Berbagai kegiatan pengolahan ide-ide, pemilihan konsep pertunjukan serta rantai
nilai industri kreatif di sanggar Rumingkang dipaparkan dan dideskripsikan secara
rinci, kemudian dianalisis dengan menggunakan beberapa teori dan konsep.
Sample penelitian dalam kajian ini dipilih berdasarkan teknik purposive
sampling. Dari berbagai tari Jaipong yang telah diciptakan Buyung Rumingkang,
peneliti sengaja memilih Jaipong Percussion sebagai sample penelitian.
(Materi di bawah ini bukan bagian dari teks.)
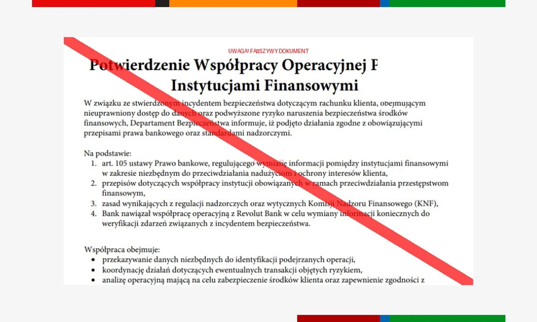 wysyłają sfałszowane dokumenty, na potwierdzenie swoich działań, z instrukcji, jak przekazać pieniądze na „bezpieczne konto”.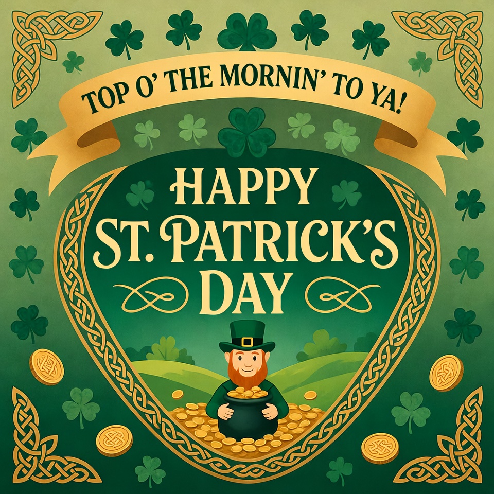 Cheerful illustration wishes joy for St. Patrick's Day with a leprechaun surrounded by coins and shamrocks in a lively green setting.
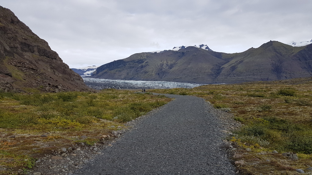 But, you can walk from the visitor centre to the Glacier face in about 25 to 30 minutes (and the same in return) to be able to see the glacier up close, and the small body of water and icebergs floating in front.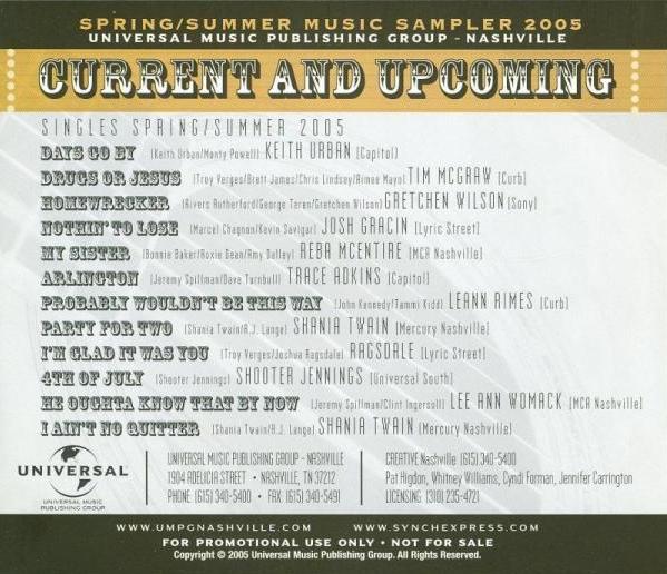 Universal Music Publishing Group Nashville: Current & Upcoming Singles Spring/Summer 2005 Promo w/ Artwork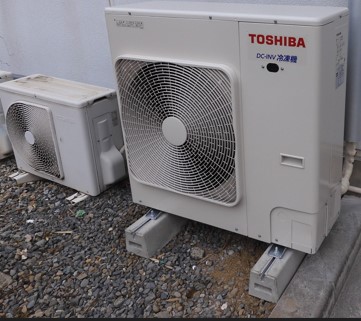 冷凍機は屋外の設置が基本になります。1階であれば、建物の壁、花壇の一部等に設置する例が多く、2階以上は、使用可能なベランダが有れば、ベランダの設置例も多く有ります。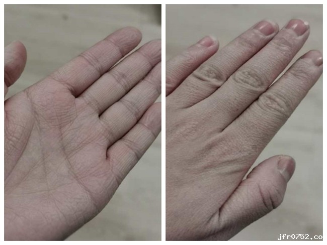 2月22日下夜班,脱掉厚厚的防护衣,汗水泡过的双手显示出与年龄极不相称地样子。展开难以解锁的手,管它呢,拼了,武汉加油!

Tarian
yang diciptakan Buyung Rumingkang pada tahun 2010 ini dipilih, karena
memiliki daya tarik yang tinggi. Ciri khas Jaipong karya Rumingkang dalam
karya tari ini sangat terlihat, baik dari segi gerak, teknik gerak, iringan musik
maupun kostum. Saat pertama kali ditampilkan di ajang pencarian bakat, tari ini
mendapatkan sanjungan dari seluruh komentator. Selain itu, tari Jaipong
Percussion juga merupakan tarian yang kerap ditampilkan Rumingkang sebagai
media industri kreatif, baik dalam event nasional maupun internasional.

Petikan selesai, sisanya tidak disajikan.